Le 12 janvier, le président croate a été triomphalement reconduit dans ses fonctions à l’issue du second tour où il a rassemblé 74,7% des suffrages. Lors du premier tour, Zoran Milanovic avait frôlé la victoire en obtenant 49,1%, alors qu’il y a cinq ans, il avait d’abord dû se contenter de 29,5% des suffrages, puis avait finalement gagné de justesse (52,7%).
Jamais la Croatie, un pays de 3,8 millions d’habitants issu de l’éclatement de la Yougoslavie, n’avait élu un chef de l’Etat avec un tel score. M. Milanovic, qui fut premier ministre social-démocrate de 2011 à 2016, était soutenu par une coalition incluant son ancien parti, mais a forgé sa popularité par une tonalité que ses adversaires dénoncent comme « populiste ». Certains le surnomment même « le Trump des Balkans ».
Il a notamment tiré argument de scandales de corruption ayant largement éclaboussé le gouvernement actuel. Le ministre de la santé a par exemple été arrêté en novembre car soupçonné de blanchiment d’argent, d’abus de pouvoir et de trafic d’influence.
Le gouvernement, et tout particulièrement le premier ministre Andrej Plenkovic, subissent symétriquement une cinglante défaite. Le candidat qu’ils soutenaient, Dragan Primorac, un ancien ministre de l’éducation, a dû se contenter le 12 janvier de moins de 26% des voix, dans un scrutin marqué par une faible participation : 44,2% des inscrits.
Le HDZ (droite) au pouvoir essuie donc un nouveau revers après avoir reculé de 4,1 points (34,4%) aux élections législatives d’avril dernier. Ce parti, qui fut la formation du « père de l’indépendance », Franjo Tudjman, a dirigé le pays depuis 1991, à de rares parenthèses près. C’est le HDZ qui a engagé la Croatie dans la voie de l’UE à laquelle elle a été le dernier pays à adhérer, en 2013.
M. Plenkovic, qui dirige le gouvernement depuis 2016, est donc un fervent défenseur de l’intégration européenne et de l’OTAN. Son inimitié avec le chef de l’Etat est de notoriété publique, notamment depuis que ce dernier avait tenté, l’année dernière de se présenter comme candidat député dans la propre circonscription du premier ministre. La Cour constitutionnelle avait finalement empêché cette candidature inattendue, ce qui avait amené le président à traiter les juges de « paysans illettrés ».

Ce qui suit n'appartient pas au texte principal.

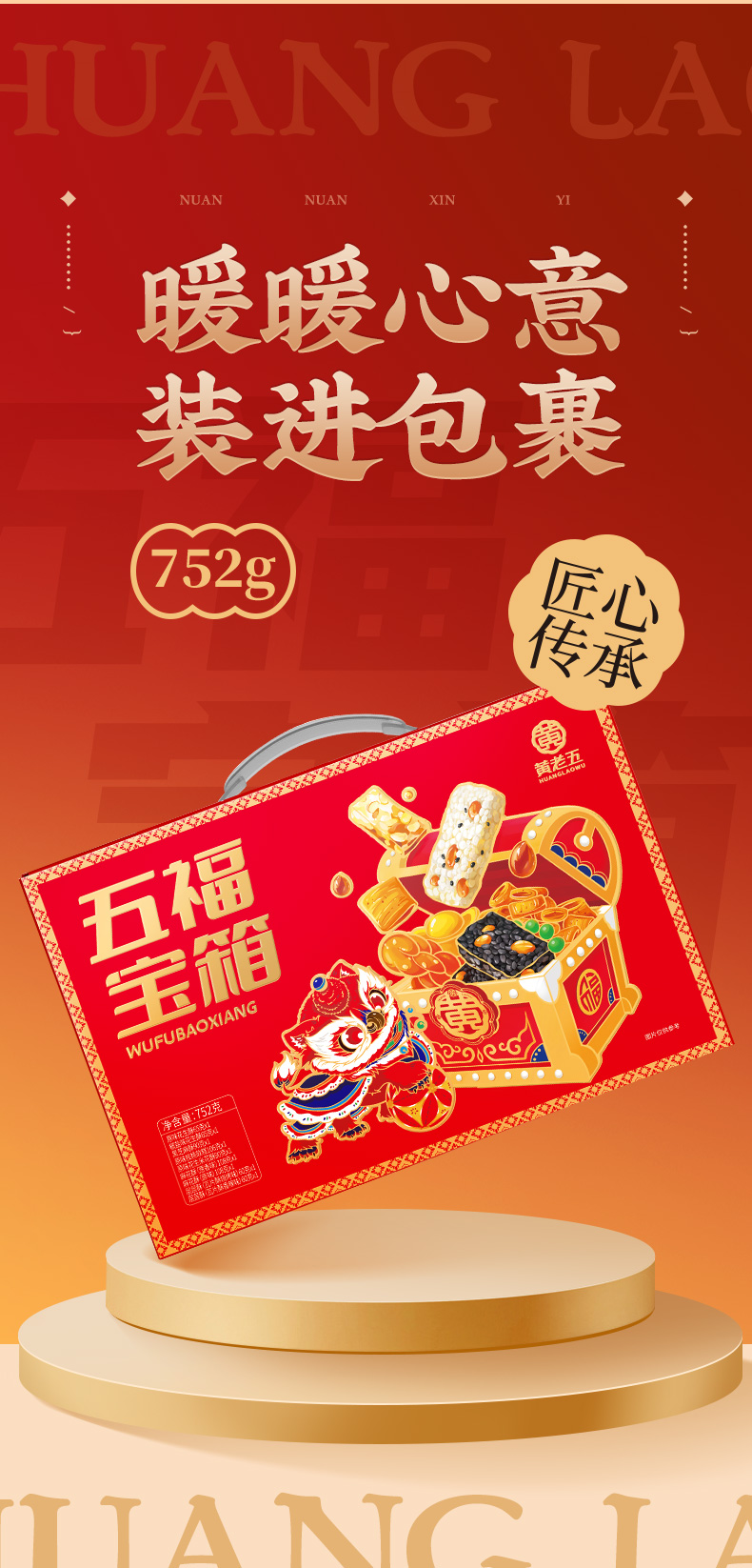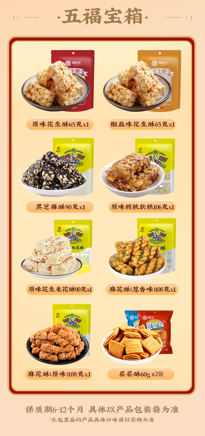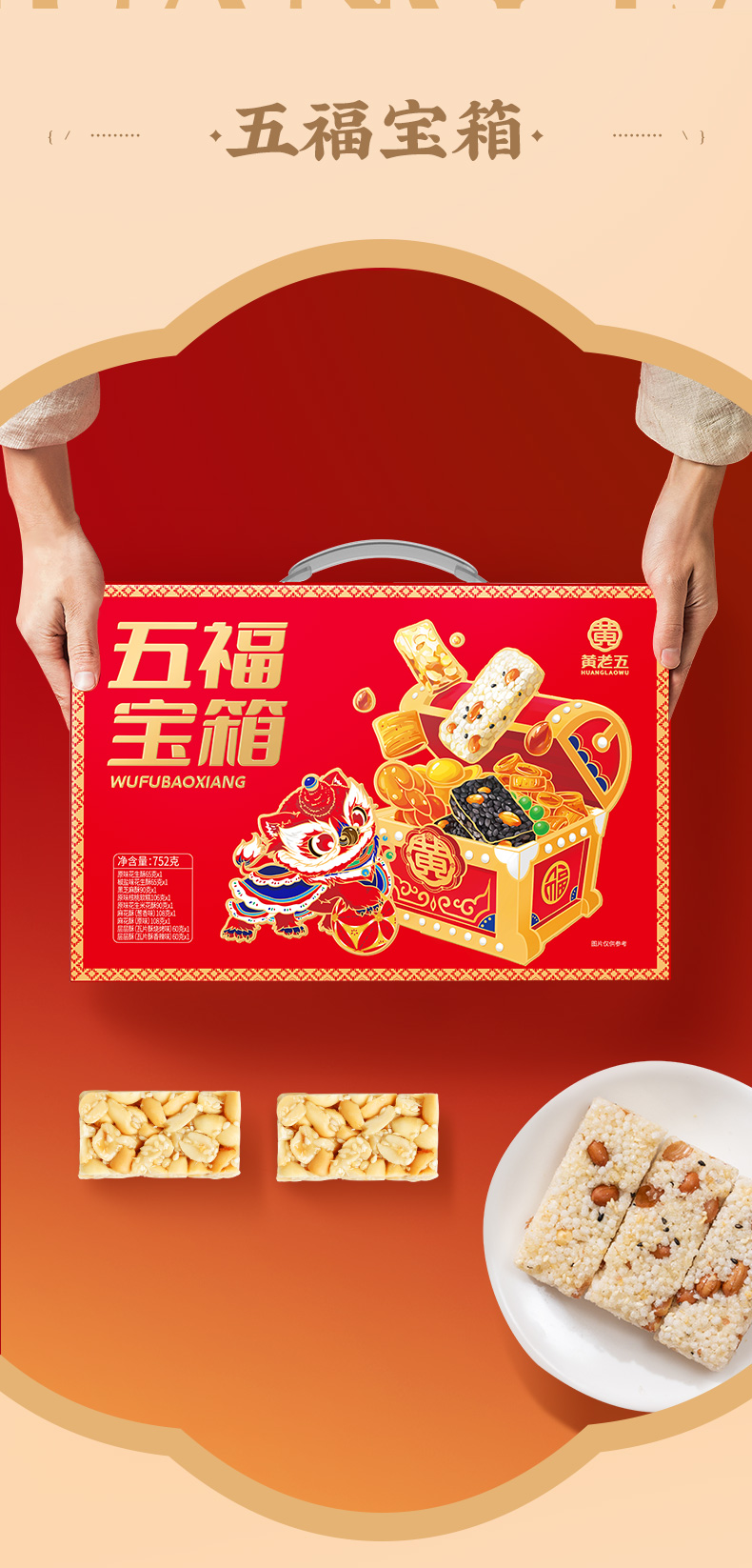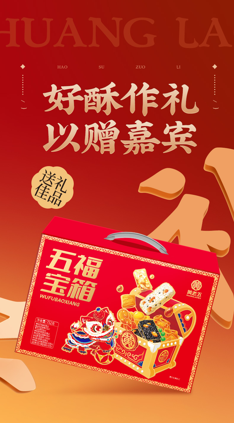 [屁侠推荐]黄老五 五福宝箱752g 多种零食礼盒装 9袋装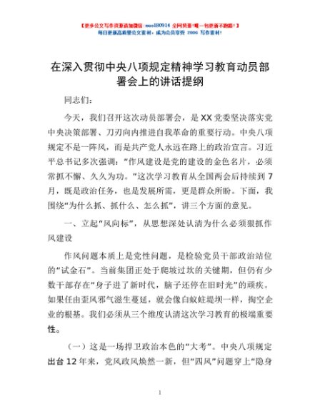 / 在深入贯彻中央八项规定精神学习教育动员部署会上的讲话提纲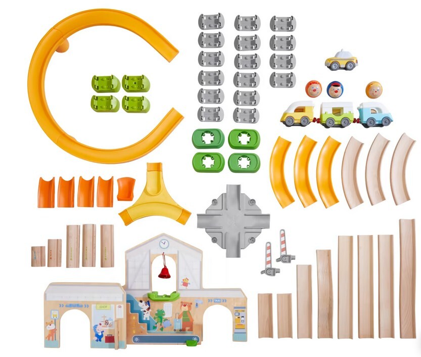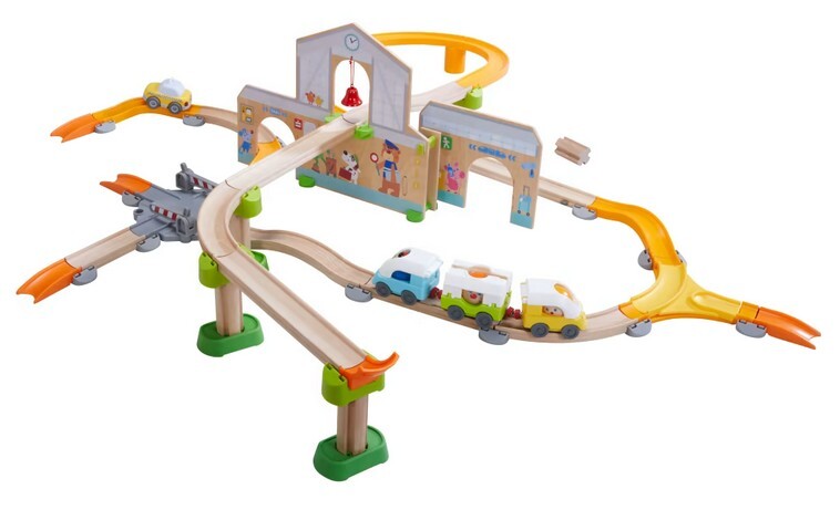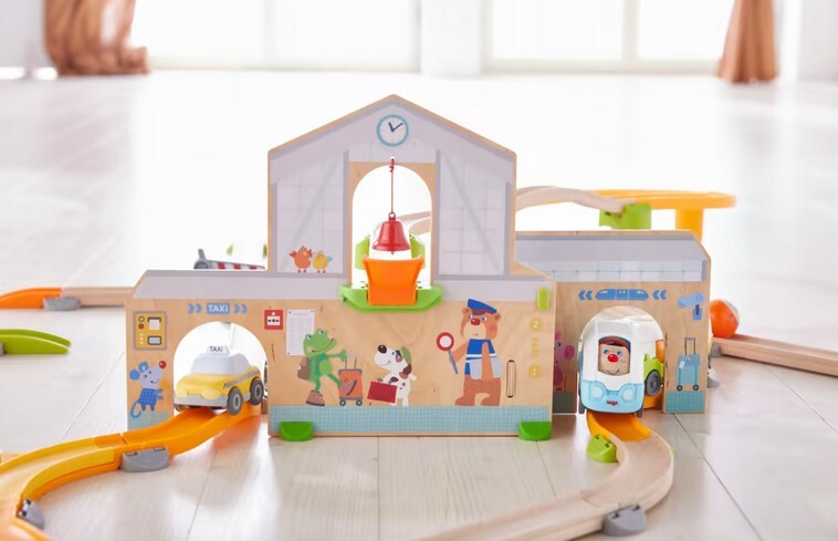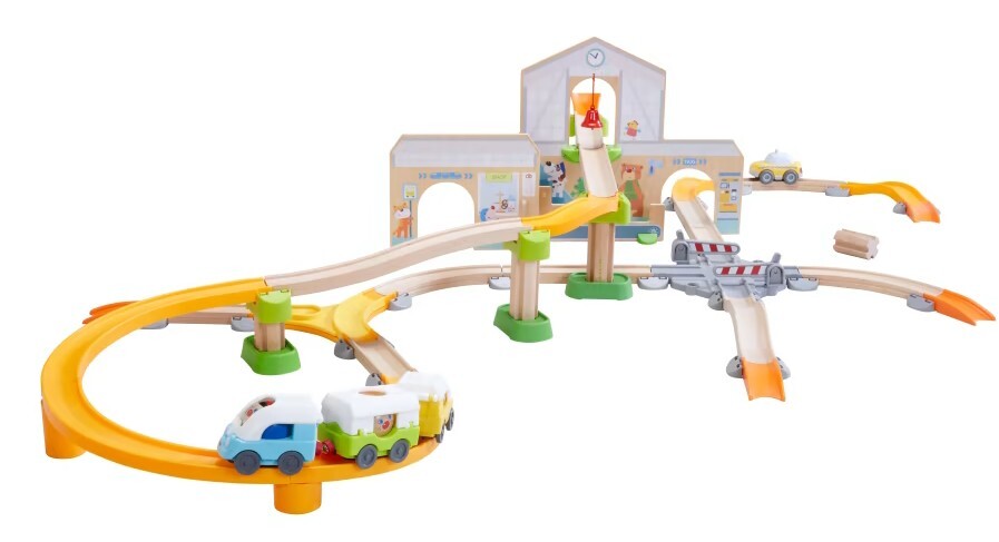 Der Bahnhof für die Kullerbü-Spielbahn von HABA ist eine große Spielkulisse für Kinder ab 2 Jahren. Über die abwechslungsreichen Holzschienen fährt ein moderner Schnellzug. Die drei Waggons lassen sich aufklappen, damit die drei Charakterkugeln ein- und ausste...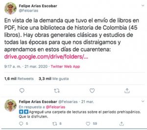 El historiador Felipe Arias (@Feloarias), utiliza su cuenta de Twitter para recomendar los mejores clásicos de la literatura, con el fin de que las personas tuvieran una opción de lectura diferente en el tiempo de aislamiento preventivo. Por esta razón, decidió crear una una biblioteca de 45 libros virtuales que hablan sobre la historia de Colombia. Dentro de la colección los lectores podrán encontrar desde obras generales clásicas, hasta estudios de todas las épocas; para descargarlas, deberán ingresar al enlace en su Tweet: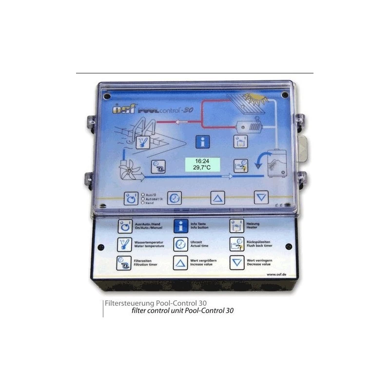 Besturing voor automatische/handmatige filtratie en verwarming.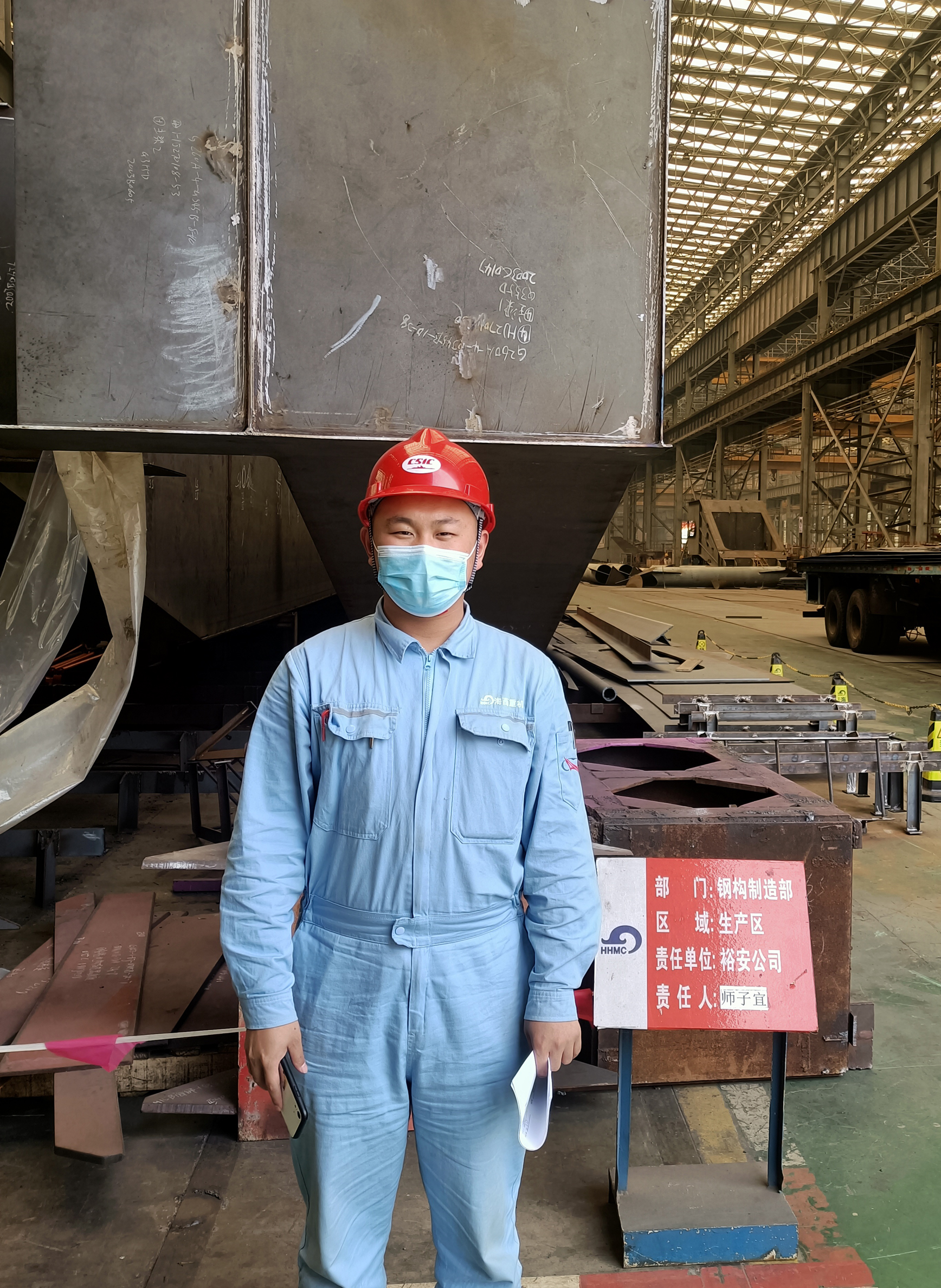 平靜沉默不代表木訥。尹海斐是一個(gè)讓人容易誤解的優(yōu)秀計(jì)調(diào)員,雖然總感覺沉默不語,但絕對時(shí)刻保持頭腦清醒,不被他人和情緒左右。他擅于從紛繁雜亂的工作情景中,平靜快速的梳理出清晰的頭緒和脈絡(luò),他的第一個(gè)挑戰(zhàn)是K12-05前大梁轉(zhuǎn)運(yùn)吊裝的組織安排工作。接到命令后,第一時(shí)間聯(lián)系工藝落實(shí)技術(shù)方案,組織協(xié)理公司做前期準(zhǔn)備,過程不順利,現(xiàn)場組織嘗試多種辦法無果,轉(zhuǎn)運(yùn)失敗后,他沒有任何抱怨,立刻協(xié)調(diào)相關(guān)人員在港機(jī)所討論并確定具體可行方案,再返回現(xiàn)場組織實(shí)施并全程跟蹤,等到微信群內(nèi)匯報(bào)工作時(shí),只是簡單的一張照片加幾個(gè)字“12-05前大梁,已出”,時(shí)間是晚上10點(diǎn)半。部門周三核對節(jié)點(diǎn)時(shí),他總是平靜從容,對每個(gè)節(jié)點(diǎn)涉及的人員設(shè)備安排、物料情況、工藝方案都了然于心,跨工序的協(xié)助欄桿清點(diǎn)物料,落實(shí)安裝條件,真正的做到向前跨一步,向后看一步,是一個(gè)很有計(jì)劃性、很有執(zhí)行力的計(jì)調(diào)員!

Mais ce n’est pas le franc-parler souvent provocateur du président qui hérisse le gouvernement et la majorité de droite, mais plutôt ses prises de position très critiques vis-à-vis de Bruxelles ; il dénonce ainsi la Commission européenne comme « autocratique et non représentative ». Surtout, son refus que le pays soit embarqué dans le soutien militaire à Kiev amène nombre d’électeurs à apprécier son rôle de contrepoids.